Sussex Police have purchased 15 of the devices and said that it would prevent the time spent on searching for elderly people who go missing.

They have estimated that one-in-four of more than 300 missing persons inquiries it launched in 2011 involved a dementia patient.

The tracking device can be worn around a patient’s neck, clipped to a belt or attached to a set of house keys. It features a button which enables the wearer to speak directly to an operator in a 24-hour call centre.

Family and friends can also log in to the system and monitor the whereabouts of their elderly relatives.

However, the head of adult services at East Sussex council said that the scheme needs further investigation. He said that the devices could stigmatise the elderly and make them feel like criminals.

One of the main problems with the scheme which critics have condemned is the fact that it appears not done with the consent of the elderly person in question.

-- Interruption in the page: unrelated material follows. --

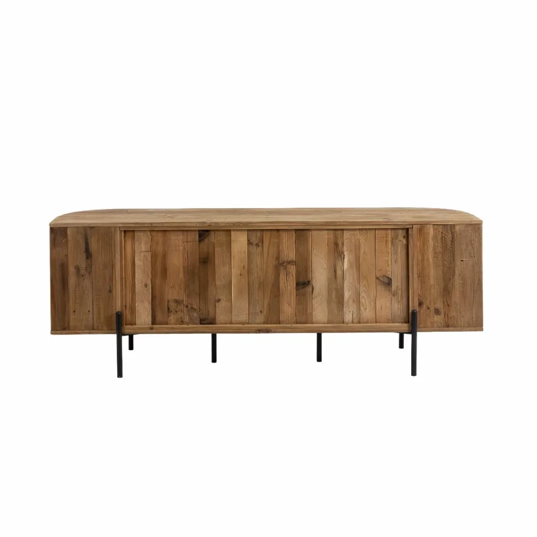 Issu de la collection Blaise, ce meuble TV en bois recyclé séduit par son design singulier, son charme authentique et la chaleur naturelle de sa matière. Conçu à partir de bois ancien soigneusement retravaillé, il conserve les marques du temps : veinures irrégulières, petites imperfections et nuances profondes qui rendent chaque meuble véritablement unique.

It has been branded as “inhumane” by elderly campaigners. Over 100 local authorities are already using similar GPS devices to monitor people suffering from dementia in what is an increasingly profitable business.

Sussex Police is the first force in the country to adopt the scheme. The trial will cost the force £400 a month, but if successful will be rolled out across the county, which has a large elderly population.

The GPS device is called “MindMe” will be rolled out across the county, which has a large elderly population if proved successful.

Bill Bentley, an East Sussex Conservative councillor who is responsible for adult social care in the region said that more information is needed before the scheme is implemented.

He said: “What we have to do is think about individual people’s rights.
“They may have dementia but would they actually wish to be tracked in this way?

“It’s about getting the balance between a person’s wishes and imposing a technological solution on them that they may or may not wish to have happened.”

But Neil Duncan-Jordan, the national officer of the National Pensioners’ Convention was more critical of the scheme and said that it puts elderly sufferers on a par with criminals.

He told the Telegraph: “It smacks of criminality. These people have done nothing wrong. It puts them on a par with common offenders or people with Asbos. We should not be looking at dementia sufferers in that way.

“There has got to be a more humane way of coping with somebody’s mental state, and, if it has got to that extreme level, it does beg the question: are there not proper facilities to care for people when they have severe cases of dementia?”